Gene ontology analysis revealed that Hibernation-Hub genes are enriched for regulatory functions, including DNA-binding transcription factor activity, nuclear receptor binding, transcription coactivator/corepressor activity, and nuclear glucocorticoid receptor binding (Fig. 3G). Glucocorticoid signaling and the hypothalamic-pituitary-adrenal axis, which regulates adrenal glucocorticoid release, are central to fasting responses (34). These findings point to Hibernation-Hub genes as regulators of FFR gene expression responses.
ARs are Associated with CRE Loss of Function Effects
Accelerated evolution can indicate selection for lineage-specific traits or result from GC-biased gene conversion. After controlling for GC content, ~76% of pHibARs showed selection effects consistent with either positive selection (gain of function) or relaxed purifying selection (loss of function) in hibernators (table S9). To distinguish these effects, we analyzed how ARs correspond to changes in hypothalamic cis-regulatory elements in the 13-lined ground squirrel (hibernator) versus mice (homeotherm). We performed H3K27ac ChIP-Seq in squirrel and mouse hypothalami to identify active CREs and assess whether squirrel ARs affect (i) mouse-CREs (loss of function), (ii) squirrel-CREs (gain of function), or (iii) shared CREs (Fig. 3H).
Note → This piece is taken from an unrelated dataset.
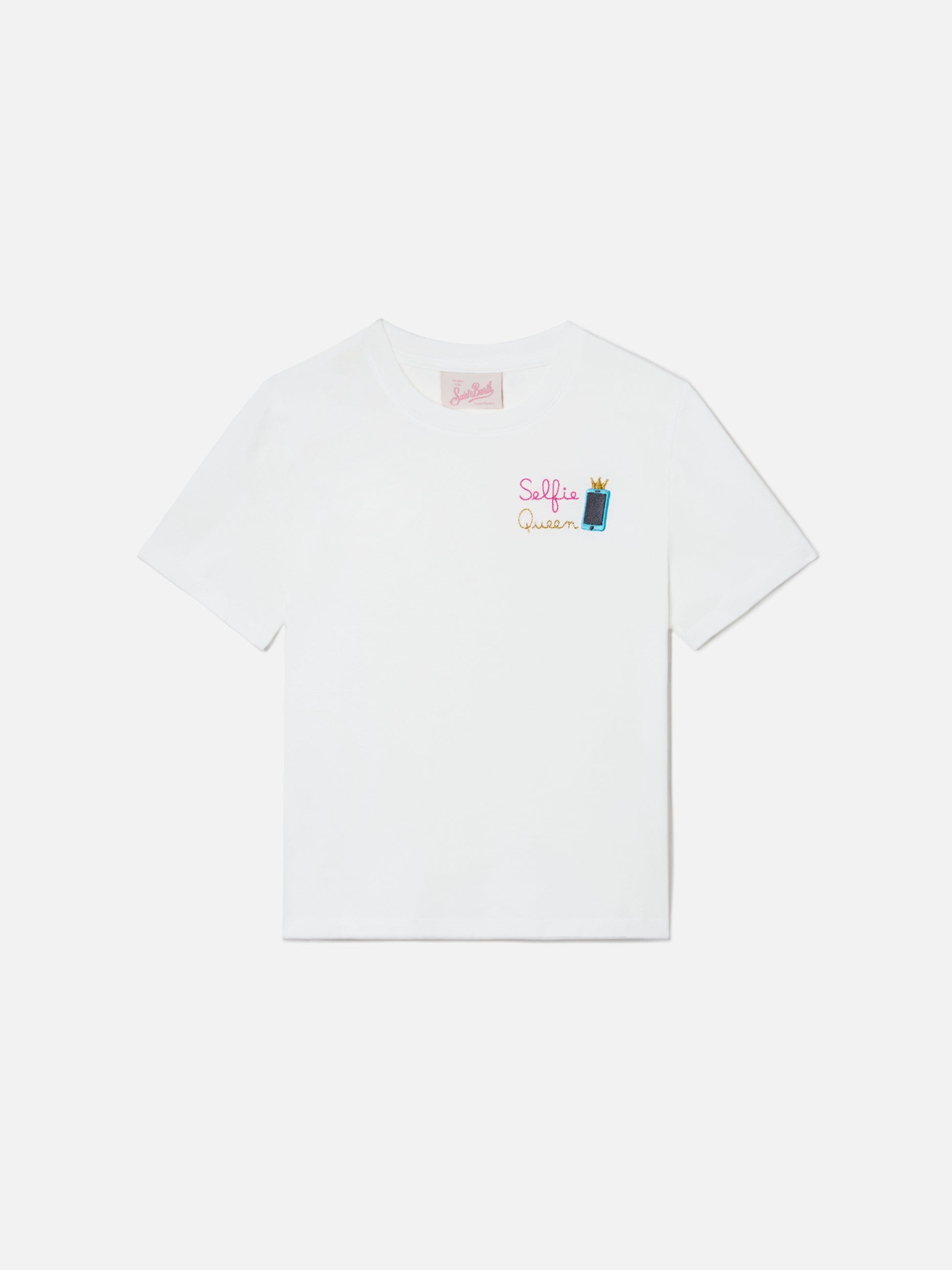 Elly T-shirt in white cotton with Selfie Queen embroidery

Comparative profiling revealed species differences in CRE activity (fig. S10A,B). Whereas27% of significant H3K27ac+ peaks overlapped between species, 73% were species-specific. Squirrel ARs were enriched in mouse-CREs but depleted in squirrel and shared CREs, supporting a loss-of-function effect in squirrel (Fig. 3I,J). We conducted the same analysis in mice. Similar to squirrel, mouse ARs were depleted in mouse-CREs and shared CREs but enriched in squirrel-CREs, consistent with mouse ARs contributing to CRE loss-of-function in mice (Fig. 3I). Deleted regions, known loss-of-function events, showed the same pattern as ARs—squirrel deletions were depleted in squirrel-CREs and shared CREs but enriched in mouse-CREs, with the reciprocal result for mouse deletions (fig. S10C). Thus, ARs and deletions exhibit parallel loss-of-function effects.
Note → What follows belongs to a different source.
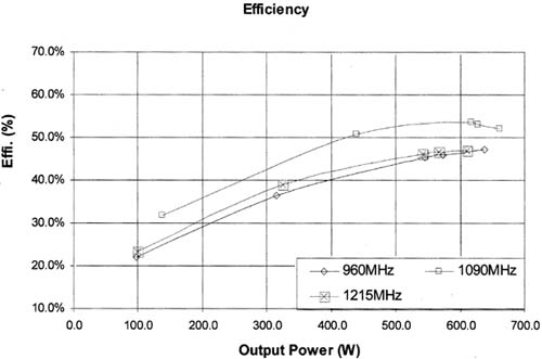 TAN500的典型输入/输出特性曲线和集电极效率曲线如图1和图2所示。从图中可见,在90MHz、1090MHz和1215MHz频率下,输入功率/输出功率有不错的线性关系,而且在额定峰值输出功率500W下,集电极效率超过40%。对于Si双极晶体管射频末极功率放大器来说,TAN500的整体指标处在领先水平。目前TAN系列已有TAN300、TAN350和TA500等多种型号,分别是输出功率300W、350W和500W的同族产品,而且1000W以上的型号将很快推出。实际上,Microsem公司在2005年生产的MDS系列Si双极射频功率晶体管中,MDS1100是用于航空电子设备末级功放的器件。它在+50V电源和1030MHz下可提供超过1000W的峰值功率输出,在20℃环境温度下最大功耗是8750W,最高工作温度可达+200℃,最低集电极效率是45%。TAN系列晶体管的设计理念与MDS系列的完全相同,但是对设计参数进一步优化,达到特性参数最佳的目的。

To further investigate AR-associated loss-of-function effects in hibernators, we analyzed transcription factor binding sites (TFBSs) within pHibARs, comparing hibernators and closely related homeotherm sequences (fig. S10D,E). Homeotherm sequences contained more TFBS motifs than hibernator sequences, indicating that ARs in hibernators predominantly eliminate rather than create TFBSs (fig. S10D,E). This pattern was consistent across all four hibernator-homeotherm pairs. Human sequences corresponding to pHibAR and pHibDEL sites were enriched for 35 and 146 regulatory protein motifs, respectively (fig. S11, table S10), highlighting their potential roles in the regulatory divergence between hibernators and homeotherms.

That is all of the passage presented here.